The Financial Services Agency (FSA) of Japan is preparing a comprehensive package of regulations that includes significant changes for digital assets. It’s anticipated that these changes, combining taxation reforms with new legal frameworks, might facilitate the launch of cryptocurrency-backed exchange-traded funds (ETFs) in the country. This step aims to integrate crypto assets into mainstream financial markets and attract a broader investor base.
Overhaul of the Taxation System
One of the primary components of the regulation package involves changes in the taxation of crypto assets. Currently, in Japan, crypto earnings are taxed as “miscellaneous income” with progressive rates exceeding 50%, including local taxes. In contrast, stocks and bonds are taxed at a flat rate of 20%. The new regulations propose evaluating crypto in the same tax category, with the possibility of loss carryforwards for three years. Authorities believe this move will reduce the investor burden and enhance market activity.
According to Nikkei sources, FSA proposed including crypto assets in the 20% fixed tax system by the 2026 fiscal year. Investors will be allowed to carry forward their losses for three years. The agency’s proposal aims to support individual investors by establishing parity with stocks.
FSA officials stated, “Incorporating crypto assets into the same tax regime as stocks will provide significant ease for investors and enhance market activity.”
New Legal Frameworks and ETF Potential
The second aspect of the package aims to reclassify digital assets as “financial products.” With this regulation, FSA can impose standards like insider trading controls, transparency, and investor protection within the crypto market. The legalization of crypto-based ETFs, such as spot Bitcoin
$76,467 funds, is also planned. Experts believe ETFs will offer a regulated and accessible investment alternative, enhancing market transparency.
According to BeInCrypto, FSA plans to establish a new office focused on digital finance and insurance. This step indicates crypto assets’ increasing integration into traditional finance and the need for regular oversight.
An announcement concerning FSA’s internal restructuring stated, “Establishing a separate unit for digital finance will strengthen the oversight related to the sector.”
Market and Participation Overview
Japan’s history in digital assets has been molded by unforeseen risks and lessons learned. The collapse of the Tokyo-based Mt. Gox exchange in 2014 prompted the development of a stricter legal framework for regulators. Today, growth occurs in a more controlled and stable manner.
The Vice President of the Japan Crypto Business Association, Shiraishi, noted that the global digital asset market rose from $872 billion to $2.66 trillion. In Japan, transaction volume is expected to increase from $66.6 billion in 2022 to $133 billion shortly. However, retail investor participation remains low.
A survey by the Cornell Bitcoin Club revealed that 88% of Japanese have never owned Bitcoin. Analysts suggest that high tax burdens and regulatory uncertainties limit widespread individual participation. FSA’s reforms aim to reduce these barriers by simplifying taxation and providing reliable investment paths like ETFs.
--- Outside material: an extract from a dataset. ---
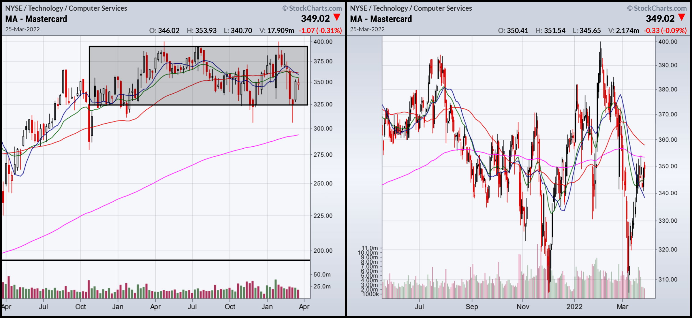 The left chart shows that MA has been trading between 325 and 400 for a year and a half. The right chart shows that the stock is currently trading right below the 200-day EMA.

Institutional interest appears to be growing. According to a joint survey by Nomura Holdings and Laser Digital, 54% of Japanese institutional investors plan to invest in crypto assets in the next three years, with 62% emphasizing diversification. FSA noted that major financial players are ready for ETFs once regulations finally take effect.
These comprehensive reforms aim to encourage long-term investment and active portfolio diversification in line with Japan’s “New Capitalism” approach. With a clearer legal framework and a reduced tax load, authorities aim for digital assets to be regarded as long-term investments beyond short-term fluctuations.